** PROVIDED RECORDS **
----------

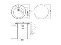 Модель врезного способа монтажа имеет размеры 510 мм в диаметре и предназначена для установки в тумбу от 45 см.
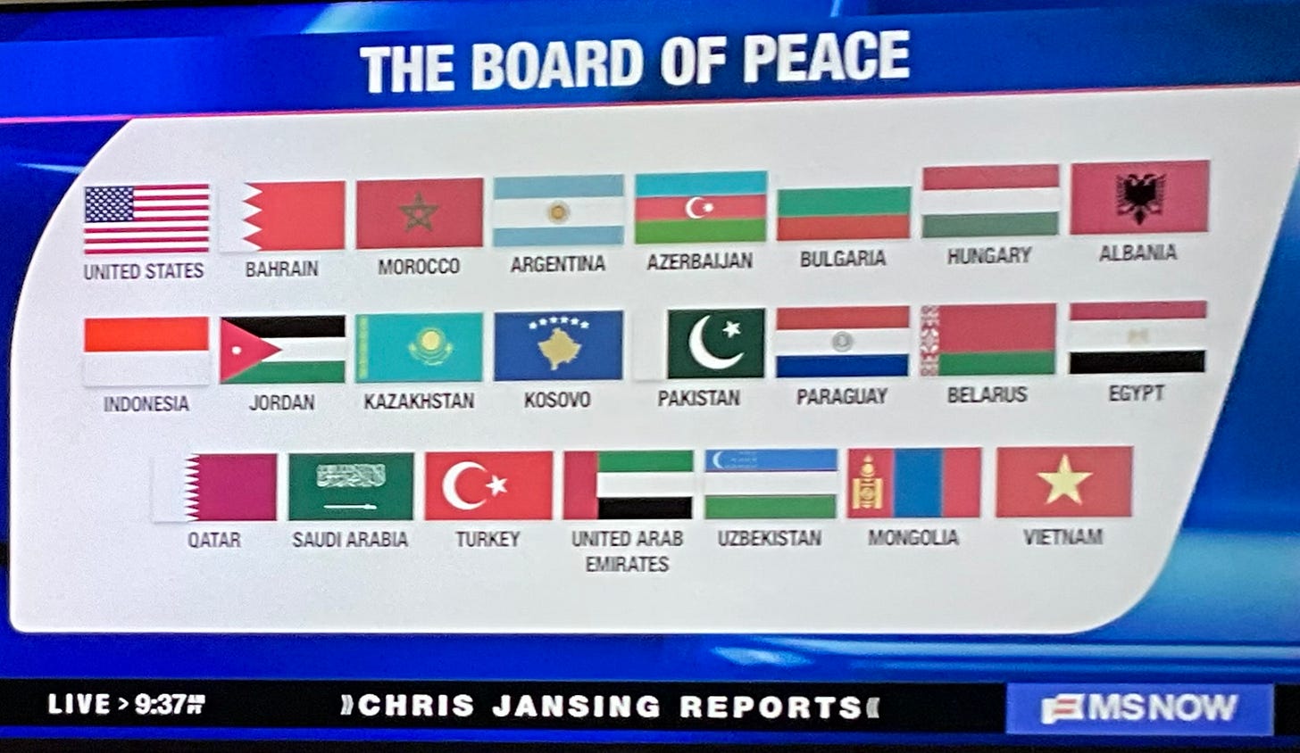 The “Board of Peace” is an international joke, a collection of amoral regimes willing to pay a billion dollars to Trump’s personal slush fund.
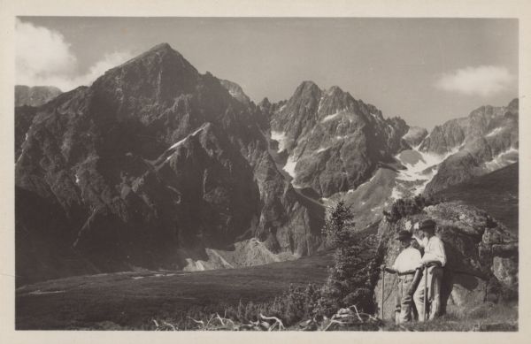 Otoczenie Zielonego Stawu Kieżmarskiego. Mały Kieżmarski Szczyt, Durny Szczyt i Barania Przełęcz. Na pierwszym planie z prawej stoi dwóch górali.
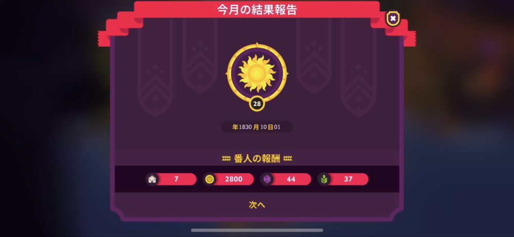 今月の報酬はこちらの通りだ。番人への挑戦ではようやく順調に勝てるようになってきた。毎月獲得できる宝石が40を超えたので、ユニットのレベルアップなど、パーティー強化のペースを上げていくことができると思う。
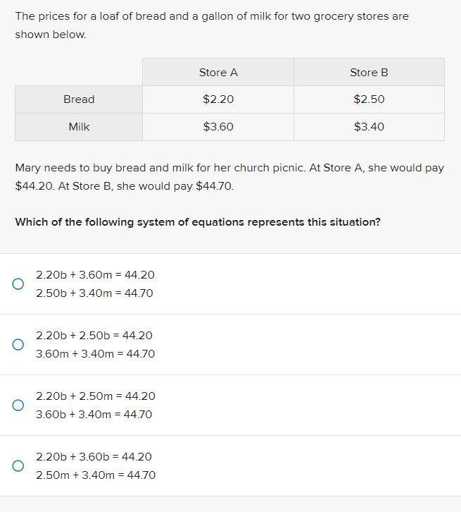 Since at store B, she spends 44.70 and bread costs 2.50 and milk costs 3.40 you get the equation:
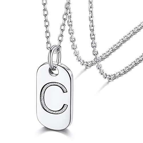Collier Femme Argent 925 Plaque Militaire A-Z Prenom Personnalisé Lettre Initial Chaine Fille Personnalisable Réglable Pendentif Alphabet C-Bijoux Cadeau Anniversaire Mariage Saint Valentin Noël
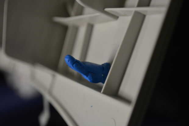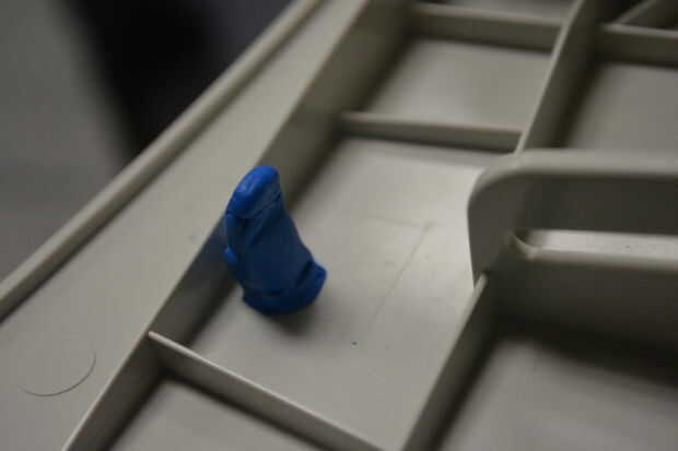 Había doblado mi pedazo de Sugru donde he marcado en el paso anterior. Me imagino que añadiendo que una pequeña protuberancia también funcionaría, mientras todavía se ajusta a través de la abertura en la pared de la impresora.
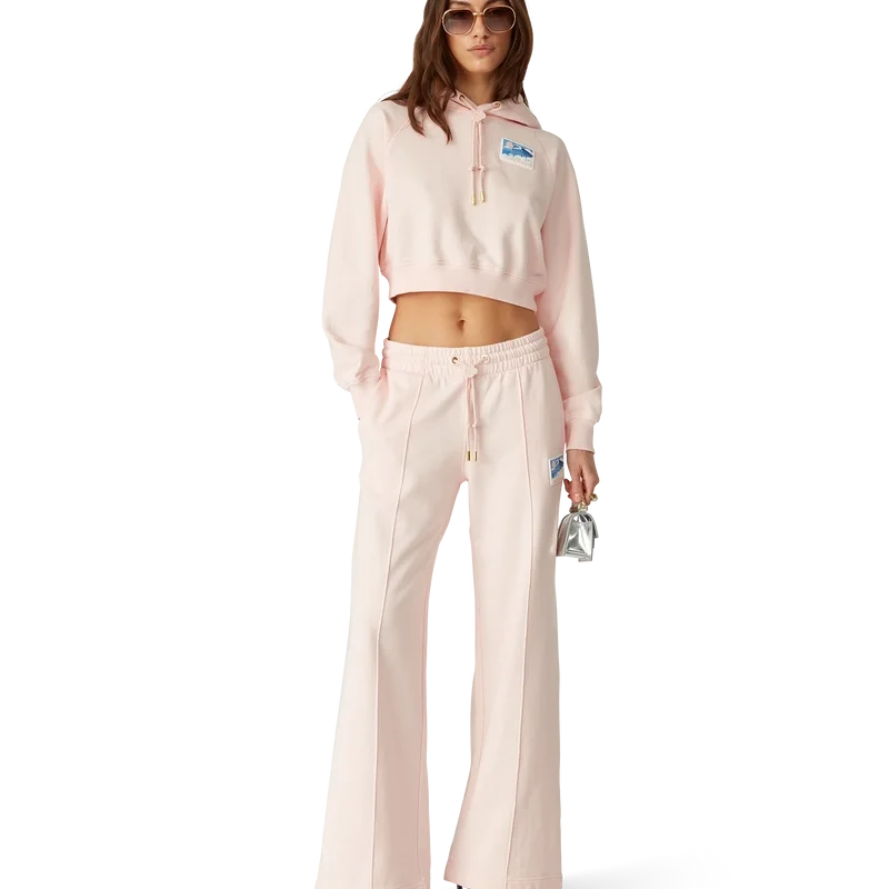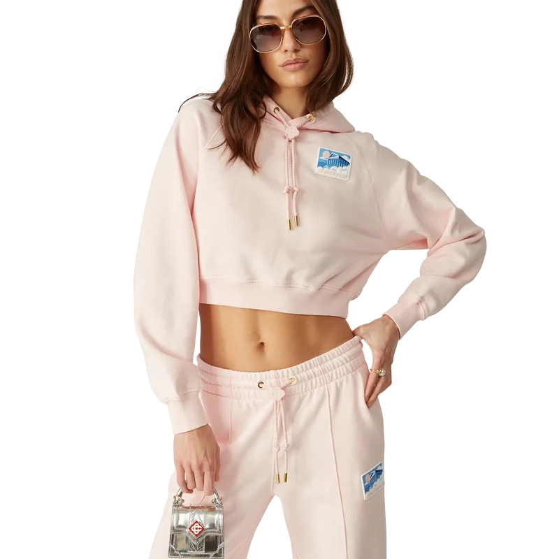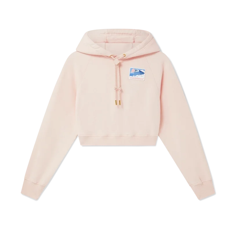 Den korta hoodien Greek Temple är tillverkad av ekologisk bomull och har en silikonlapp. Den har huva, dragsko med guldspetsar och märkesknop för säker fastsättning samt ribbade muddar och nederkant.
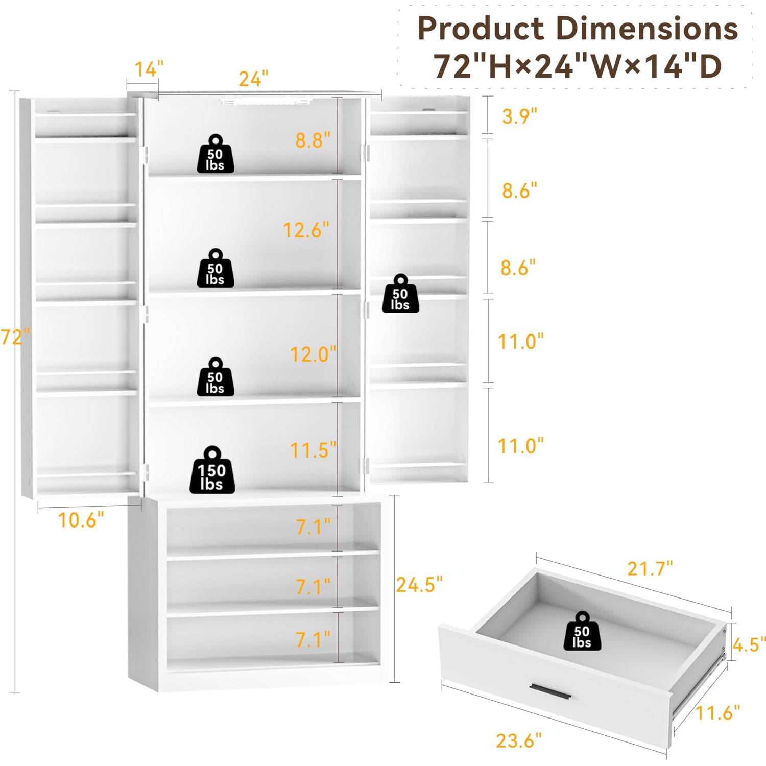 - 【Ample Space】Spacious and versatile storage space, FJTJBSI pantry are equipped with adjustable shelves that you can adjust to different heights or even remove to meet different storage needs, we are equipped with three large drawers provide enough space for organizing food, canned goods and utensils.
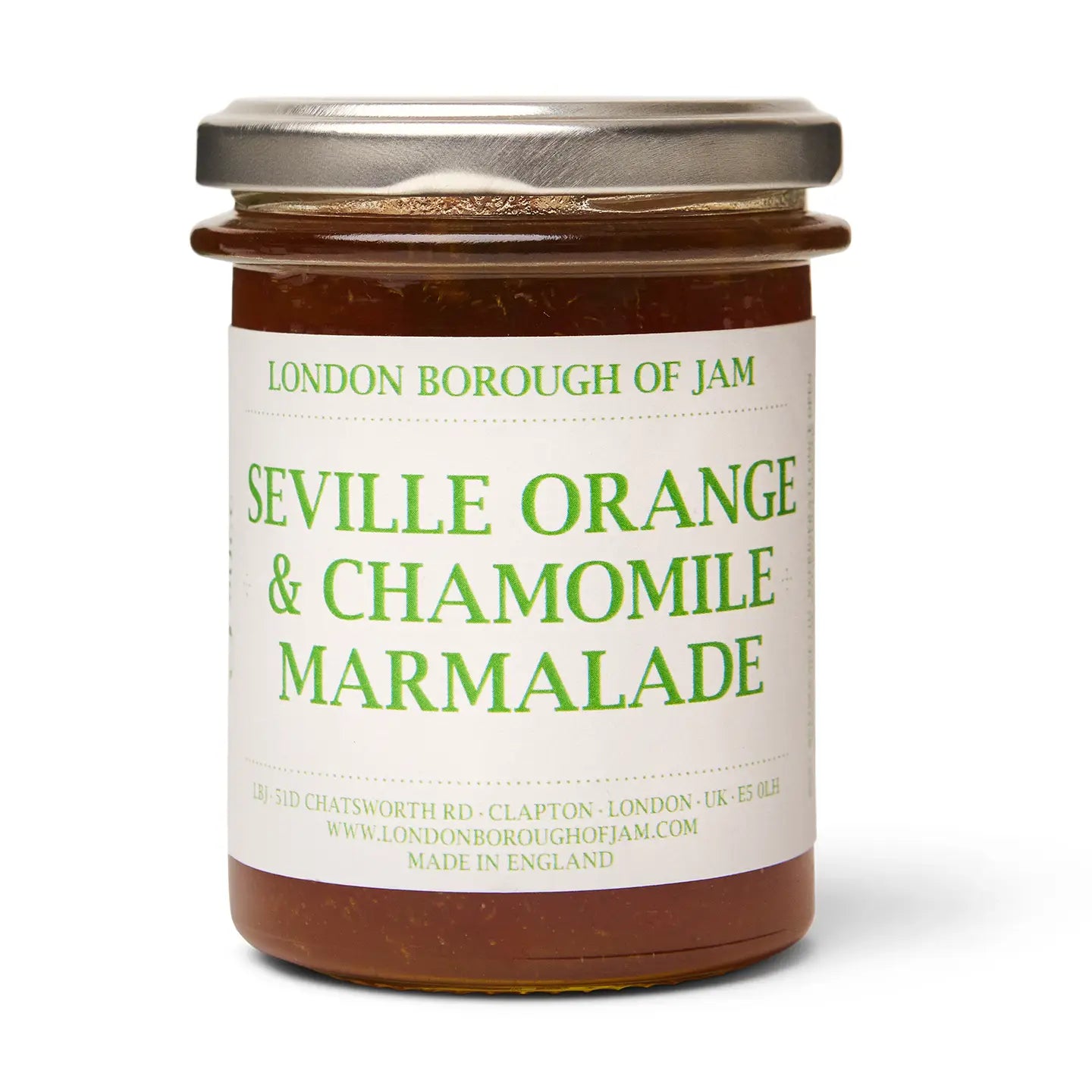 This Marmalade has its foundation in the traditional Seville oranges, with a twist of chamomile. Like all London Borough of Jam, the chamomile isn't an infusion, it is part of the recipe, with little chamomile flowers in each jar. It is best on toast, keeping it simple.
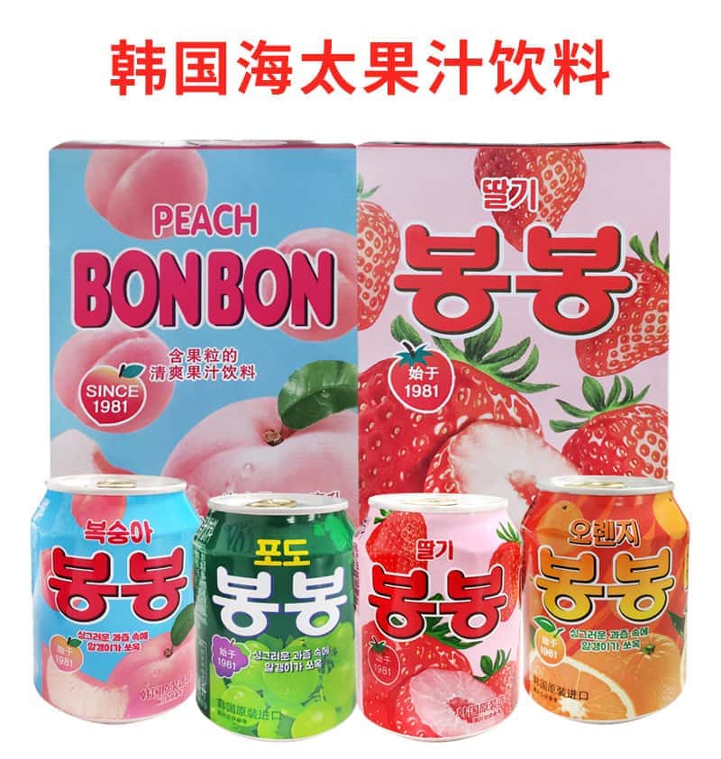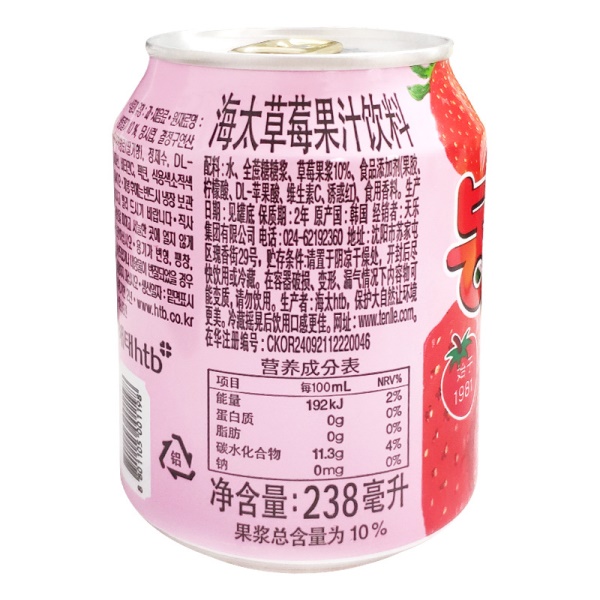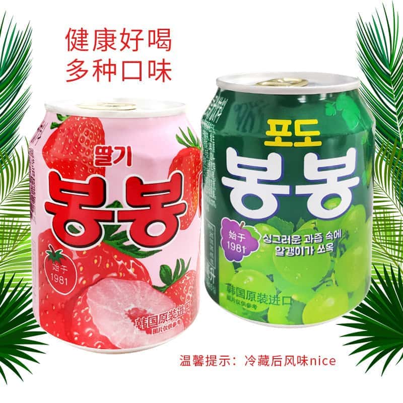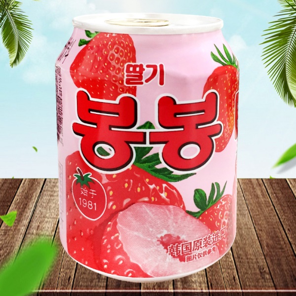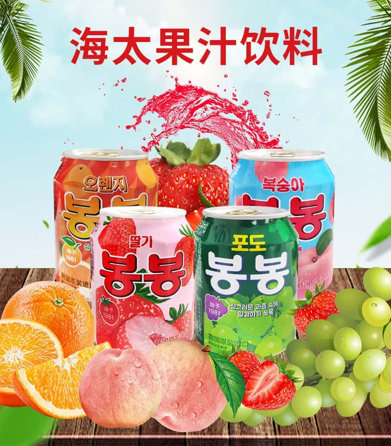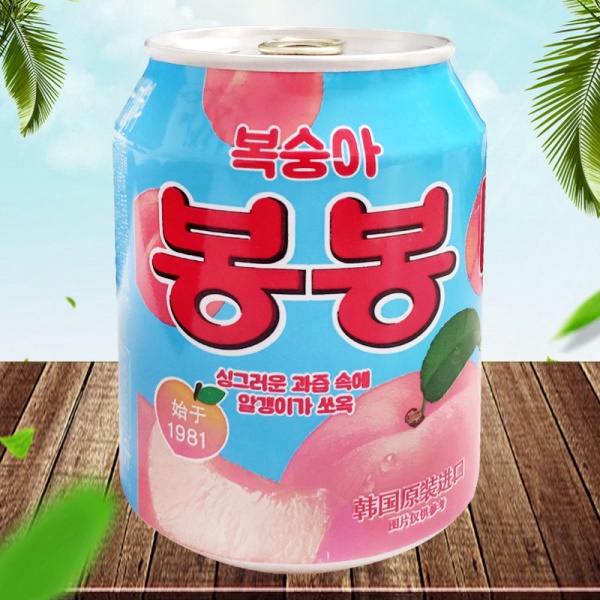 韩国进口网红饮料海太桃汁草莓葡萄果粒果汁果肉238ml/罐休闲饮品

----------

** EXERCISE INSTRUCTIONS **
Reproduce the complete set of records verbatim and omit the pictures.

** YOUR RESPONSE **
 Модель врезного способа монтажа имеет размеры 510 мм в диаметре и предназначена для установки в тумбу от 45 см.
 The “Board of Peace” is an international joke, a collection of amoral regimes willing to pay a billion dollars to Trump’s personal slush fund.
 Otoczenie Zielonego Stawu Kieżmarskiego. Mały Kieżmarski Szczyt, Durny Szczyt i Barania Przełęcz. Na pierwszym planie z prawej stoi dwóch górali.
 今月の報酬はこちらの通りだ。番人への挑戦ではようやく順調に勝てるようになってきた。毎月獲得できる宝石が40を超えたので、ユニットのレベルアップなど、パーティー強化のペースを上げていくことができると思う。
 Since at store B, she spends 44.70 and bread costs 2.50 and milk costs 3.40 you get the equation:
Collier Femme Argent 925 Plaque Militaire A-Z Prenom Personnalisé Lettre Initial Chaine Fille Personnalisable Réglable Pendentif Alphabet C-Bijoux Cadeau Anniversaire Mariage Saint Valentin Noël
 Había doblado mi pedazo de Sugru donde he marcado en el paso anterior. Me imagino que añadiendo que una pequeña protuberancia también funcionaría, mientras todavía se ajusta a través de la abertura en la pared de la impresora.
 Den korta hoodien Greek Temple är tillverkad av ekologisk bomull och har en silikonlapp. Den har huva, dragsko med guldspetsar och märkesknop för säker fastsättning samt ribbade muddar och nederkant.
 - 【Ample Space】Spacious and versatile storage space, FJTJBSI pantry are equipped with adjustable shelves that you can adjust to different heights or even remove to meet different storage needs, we are equipped with three large drawers provide enough space for organizing food, canned goods and utensils.
 This Marmalade has its foundation in the traditional Seville oranges, with a twist of chamomile. Like all London Borough of Jam, the chamomile isn't an infusion, it is part of the recipe, with little chamomile flowers in each jar. It is best on toast, keeping it simple.
 韩国进口网红饮料海太桃汁草莓葡萄果粒果汁果肉238ml/罐休闲饮品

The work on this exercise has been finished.